# Snow blower skid plate spacers



## Rodney Hake (Dec 30, 2020)

I've lived here in southern pa almost 40 years now and my neighbor has always done the snow removal for the lane we share to our homes. However he is now 72 and had an open heart triple bypass this past summer and I don't think using a front end loader on a no cab tractor is good for him so I told him its my turn to take over that chore. 
Now, I use my 47 snowblower on a x585 with heated cab. My actual driveway is concrete about 60x24 so I use my skid plates and scaper blade to get a clean swipe but when I go to gravel lane i end up throwing stones and digging in so I've decided to make some spacers. I made them to be 1" up but I'm thinking I should go another 1/2" because the skid plate cuts into the gravel and stone as you can see in the one pic I'm posting. I'm also thinking the bottom of the skid plate I'm going to make 4" wide this time which should help it not cut in. The nice thing about these spacer plates is I used the holes in the original plates the put pins thru so its a no bolt system and should only take a few seconds to take off and put on. 

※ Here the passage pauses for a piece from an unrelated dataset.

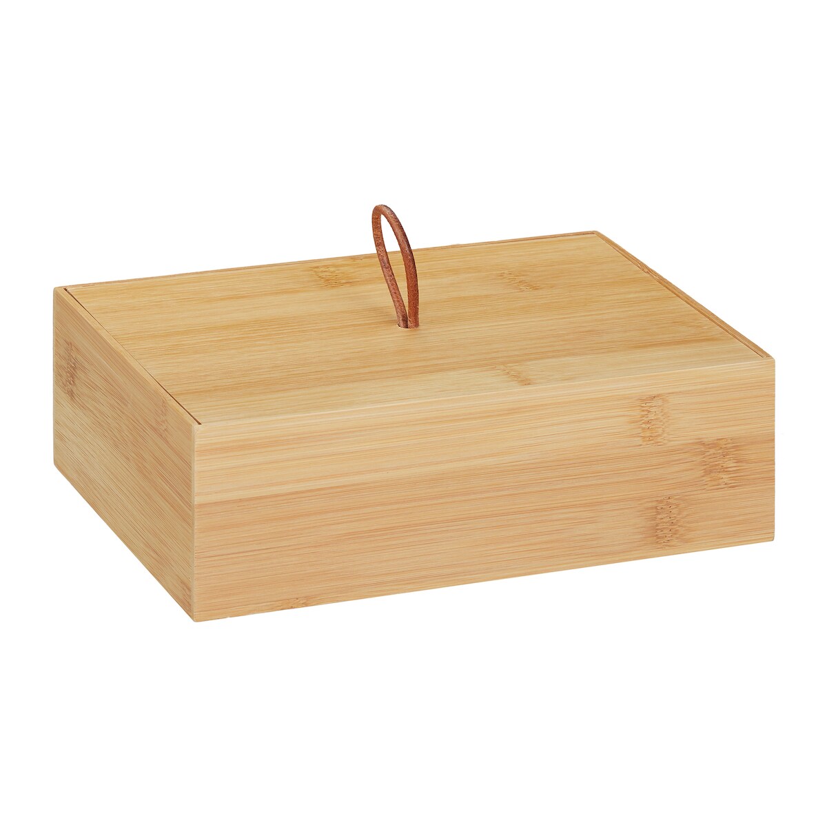 Relaxdays Aufbewahrungsbox mit Deckel, Bambus Kasten, Deko, für Utensilien, Allzweckkiste, klein, HBT: 7x22x15 cm, natur

My next change is to make the extention paddles for on the propeller. Hopefully by doing all this work the snow won't fall this year! 
Rod


----------



## LouNY (Dec 15, 2016)

I would say you are plenty high but may likely need to be much wider till the driveway gets froze hard.


----------



## SidecarFlip (Mar 25, 2021)

Gravel is always a bugger until it's frozen. I put wheels on both my blower and my plow.


----------



## Rodney Hake (Dec 30, 2020)

I had thought about wheels and I actually purchased a pair. Would like to see some pics of what you did. 
Rod


----------



## SidecarFlip (Mar 25, 2021)

Cannot. The blower is in the barn and the plow is in there as well. I used commercial swivel plow casters. Way it's going here probably won't be any snow. It's 55 right now.


----------



## pogobill (Jan 31, 2012)

I can't figure out the plowing business around here any more! Years ago I used to get a good hard base of snow down before I used the snow blower. Now it seems as thought it doesn't matter any more. If I leave the snow pack down, it rains and turns to glare ice. So I scrape the driveway down now, and it rains and turns to glare ice.....


----------



## SidecarFlip (Mar 25, 2021)

Just water here today. It's 52(f) presently and the usual muddy mess.


----------



## unsquidly (Jul 13, 2021)

We have had over 5 inches of rain in the last two weeks.....In the 50's and 60's also........I am wondering if a snowblower will blow mud.......LOL


----------



## SidecarFlip (Mar 25, 2021)

Not very well....lol


----------



## unsquidly (Jul 13, 2021)

That is what I figured........one side of the sheep barn flooded last Tuesday night......I went out to feed Wed. morning and had some very pissed off sheep......LOL I didn't know that bah's could come in 4 letters.......LOL


----------



## Rodney Hake (Dec 30, 2020)

I finally finished the skids plates tonight since they are calling for 2-4 inches tomorrow night. Of course we won't get it since i'm ready but that would be ok with me. I'm going to attach pics but I can space the height of the blower up to 1.5 inches off the ground and down to having the scraper blade touching so I'm pretty happy. I also made storage for the plates on the back of the blower so there always with the blower. Check it out and let me know what you think.



















Rod


----------